Abstract

Currently, many software companies are looking to assemble a team of experts who can collaboratively carry out an assigned project in an agile manner. The most ideal members for an agile team are T-shaped experts, who not only have expertise in one skill-area but also have general knowledge in a number of related skill-areas. Existing related methods have only used some heuristic non-machine learning models to form an agile team from candidates, while machine learning has been successful in similar tasks. In addition, they have only used the number of candidates’ documents in various skill-areas as a resource to estimate the candidates’ T-shaped knowledge to work in an agile team, while the content of their documents is also very important. To this end, we propose a multi-step method that rectifies the drawbacks mentioned. In this method, we first pick out the best possible candidates using a state-of-the-art model, then we re-estimate their relevant knowledge for working in the team with the help of a deep learning model, which uses the content of the candidates’ posts on StackOverflow. Finally, we select the best possible members for the given agile team from among these candidates using an integer linear programming model.
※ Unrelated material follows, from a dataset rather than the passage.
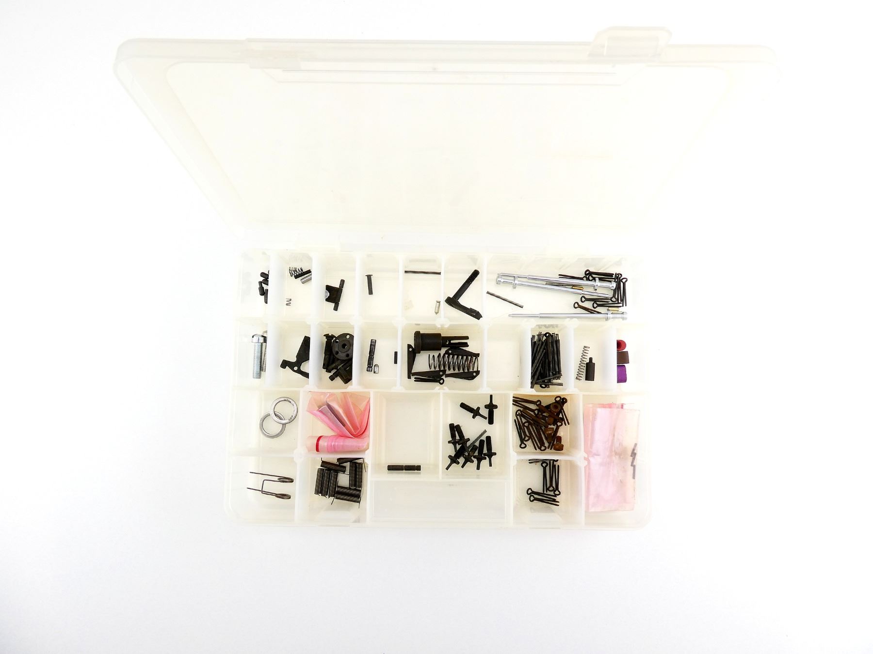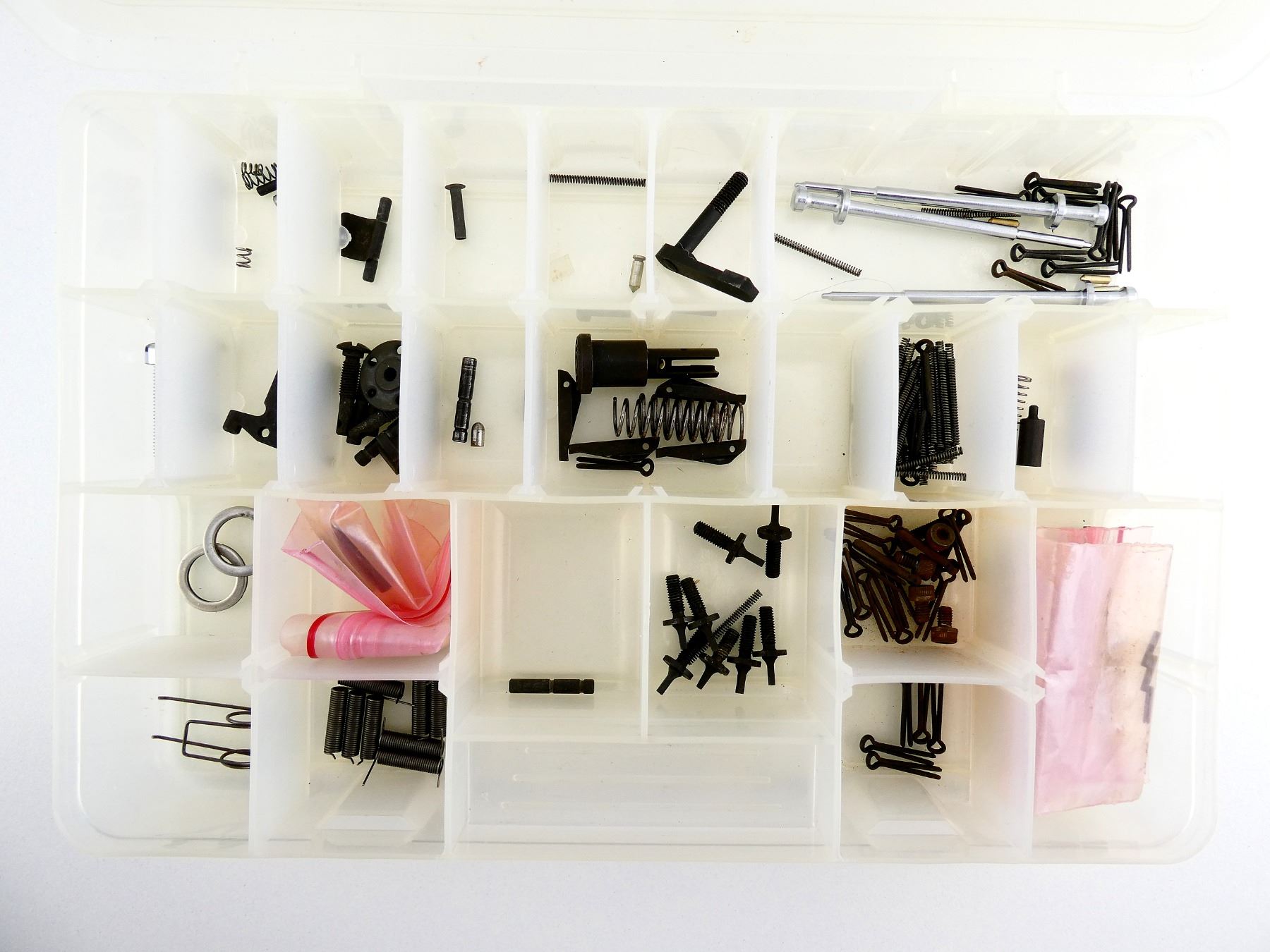 LOT INCLUDES; FIRING PINS WITH RETAINERS, FORWARD ASSIST, BOLT CATCH, GRIP SCREWS, FRONT SIGHTS, GAS KEYS, VARIOUS SCREWS / SPRINGS / PLUNGERS, ETC. MAY REQUIRE FITTING. SEE PHOTOS.

We perform our experiments on two large datasets C# and Java, which comprise 2,217,366 and 2,320,883 posts from StackOverflow, respectively. On datasets C# and Java, our method selects, respectively, 68.6% and 55.2% of the agile team members from among T-shaped experts, while the best baseline method only selects, respectively, 49.1% and 40.2% of the agile team members from among T-shaped experts. In addition, the results show that our method outperforms the best baseline method by 8.1% and 11.4% in terms of F-measure on datasets C# and Java, respectively.